Наша духовная близость, наша будничная близость (если один из нас не был в отъезде, мы встречались ежедневно) не мешали мне понимать, что мой спутник-брат со всеми его мелкими, мне как никому другому открытыми недостатками намного выше меня и по таланту, и по своим душевным качествам. "Вася, ты же Христос", - говорил ему при мне Андрей Платонов, и я понимал, почему он так говорил.

Сосредоточив свое писание на истории вышеназванных романов, я все же чувствую, что обязан, хотя бы кратко, может быть, импрессионистично, кое-что рассказать и о самом Гроссмане, и о других его вещах последних лет, надеясь, что Бог пошлет мне годы и силы для более обстоя тельного рассказа. Надеюсь и на то, что, если у меня найдется читатель, он не посетует на те отступления, на те беглые зарисовки, которые покажутся мне заслуживающими читательского внимания.

Нас познакомил незадолго до войны писатель С. Г. Гехт, наш общий приятель, мой земляк. Хотя литературный стаж Гроссмана к тому времени был невелик, его имя, по крайней мере в писательской среде, произносилось с уважением и было уже более громким, чем имя его почтенного однофамильца Л. П. Гроссмана, автора литературоведческих исследований и популярного романа о дуэли Пушкина "Записки д'Аршиака". Славу Василию Гроссману принес его первый небольшой рассказ "В городе Бердичеве", напечатанный в апреле 1934 года в "Литературной газете". Лучшие наши писатели открыли в Гроссмане человека оригинального таланта, подлинного художника.
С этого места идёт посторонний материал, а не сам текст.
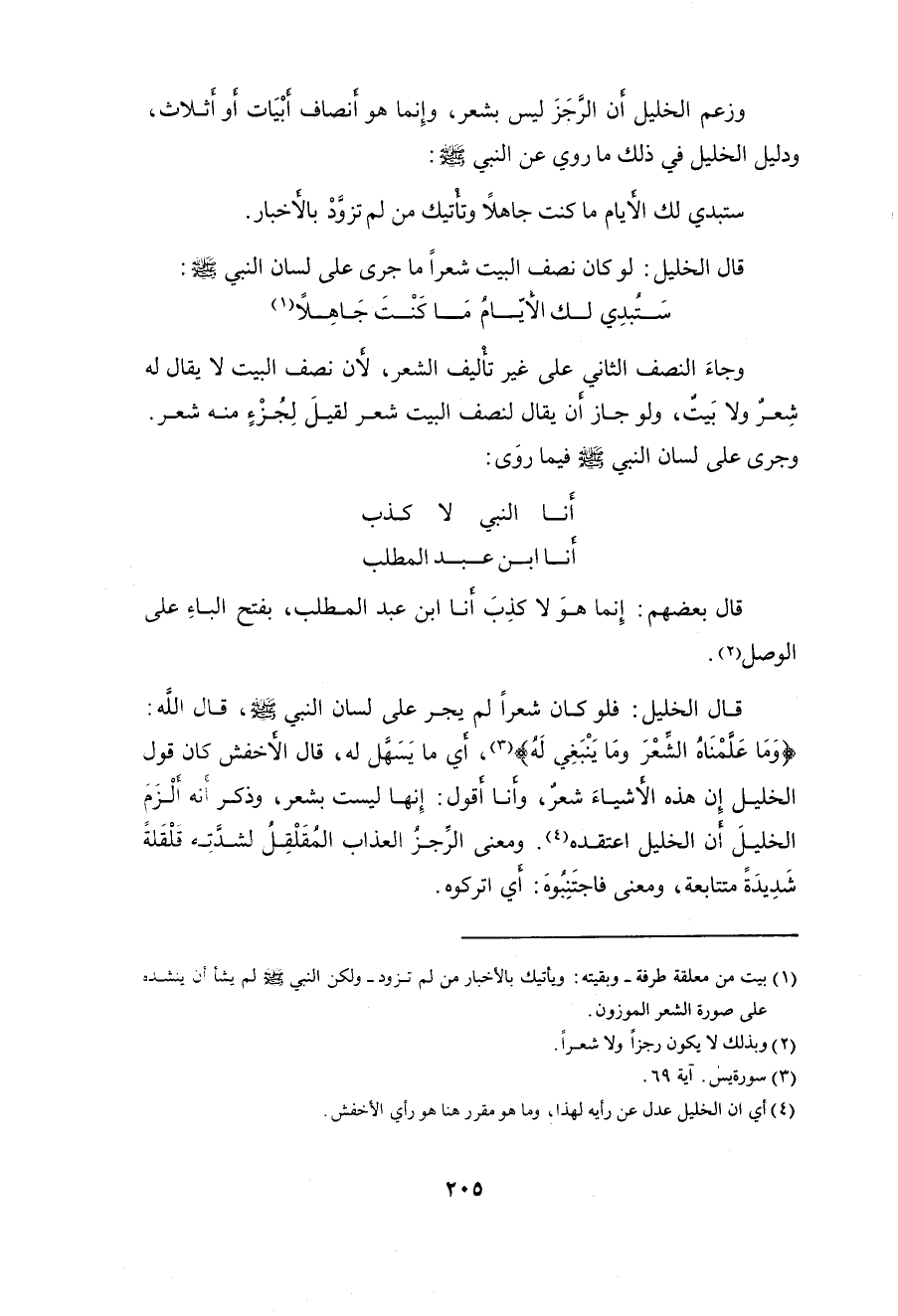 قال الخليل: فلو كان شعراً لم يجر على لسان النبي - صلى الله عليه وسلم -، قال اللَّه: (وَمَا عَلَّمْنَاهُ الشِّعْرَ وَمَا يَنْبَغِي لَهُ)، أي ما يَسَفَل له.

С похвалой о рассказе говорил мне Бабель: "Новыми глазами увидена наша жидовская столица". А Булгаков сказал: "Как прикажете понимать, неужели кое-что путное удается все-таки напечатать?"

Позднее я узнал, что до этого рассказа Гроссман написал повесть "Глюкауф". Этим немецким словом, которое приблизительно переводится так: "Со счастливым подъемом", наши шахтеры встречали поднявшихся на землю из ее глубины своих сотоварищей. Гроссман по окончании химического факультета московского университета работал химиком-аналитиком на шахте "Смолянка-2" (он с гордостью говорил, что это самая глубокая, самая жаркая угольная шахта в нашей стране) и в своей повести, по-моему, превосходной, описал тяжелую жизнь донбасских шахтеров - забойщиков, крепильщиков, коногонов, полную опасностей при плохой системе охраны труда, и такое описание вызвало недовольство Горького, которому Гроссман через посредство одной своей высокопартийной родственницы (впоследствии репрессированной) отправил свою рукопись. Горький ответил:

"Автор рассматривает факты, стоя на одной плоскости с ними; конечно, это тоже "позиция", но и материал, и автор выиграли бы, если бы автор поставил перед собою вопрос: "Зачем он пишет? Какую правду утверждает? Торжества какой правды хочет?""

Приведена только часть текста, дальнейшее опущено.